The English Football League revealed this morning that two thirds of clubs voted to keep the competition in a similar arrangement to this season.
Oxford United, however, did not.
Chairman Darryl Eales told the Oxford Mail earlier this week their preferred option was to revert back to the 48-team set-up.
But they were comprehensively out-voted by others, and next season’s 64-team tournament will again feature 16 Category One academy sides.
The main changes to the competition are:
- The prize fund is increased from £1.95m to £3m – the rise predominantly made up by a payment of £20,000 to each club as a participation fee.
- Fixtures will be regionalised up to the quarter-final stage, a change from last season when it was round two.
- A club now has to field four qualifying outfield players rather than five. Clubs can play any goalkeeper.
- Alternative dates are available for all group stage matches, rather than all being scheduled during international breaks.
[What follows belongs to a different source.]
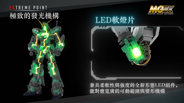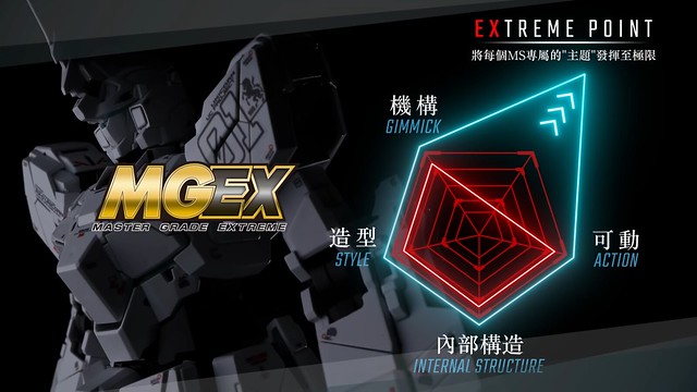 『MGEX(MASTER GRADE EXTREME)』系列是為紀念鋼普拉 40 週年而推出的全新商品,運用鋼普拉至今培育的技術、複合材質來表現各個機體所設定的主題,挑戰機動戰士的「極限表現」。相比一般『MG』商品投入更豪華的規格,價格也相對高昂。
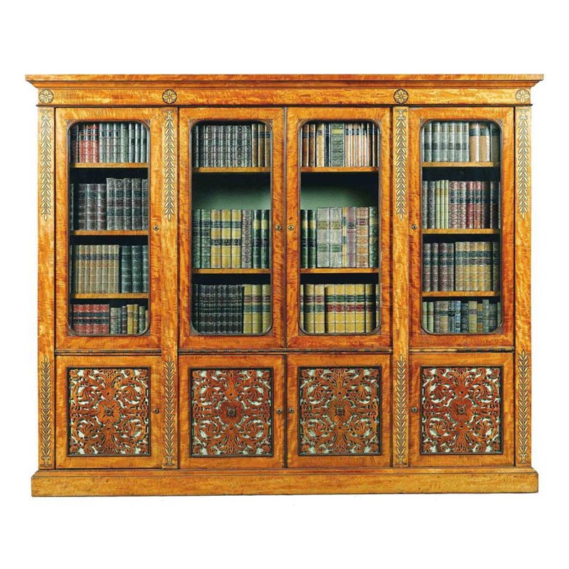 A William IV satinwood and marquetry bookcase, inlaid with bird's eye maple flower heads and stylized acanthus, the detachable cornice above three sections, the centre with a pair of glazed doors, flanked by single doors, enclosing adjustable shelves to cupboards below with foliate fret panelled doors, on a plinth base, 71.5in (181.5cm) h, 87.75in (222.8cm) w, 15.75in (40cm) d. One door lacking glass, damages to mouldings.

- All Category One teams will play all group matches away - last season they played one at their home ground.
- There is, however, no change in criteria for the 16 invited teams - they still have to play six players under the age of 21 as on June 30.
A statement from EFL chief executive Shaun Harvey welcomed the support of the competition.
He said: “The history of the EFL Trophy is one of new ideas and innovation, but at its heart has always been the belief that this is an opportunity for League One and League Two clubs to taste cup success.
“I am therefore delighted to see the backing the Checkatrade Trophy has received from our clubs for the next two seasons, following a full and comprehensive review of this year’s pilot format.
“We wanted to ensure that League One and League Two Clubs had the opportunity to make the key decisions regarding where we take the competition in 2017/18 and beyond and I believe we have reached a revised format that benefits all parties.
“EFL Clubs will have greater flexibility with regard to team selection, while still maintaining the principle that this is a first team competition for our clubs that will support the development and progression of young players.
“The competition will also provide significant financial rewards for all EFL Clubs, which increases with success.”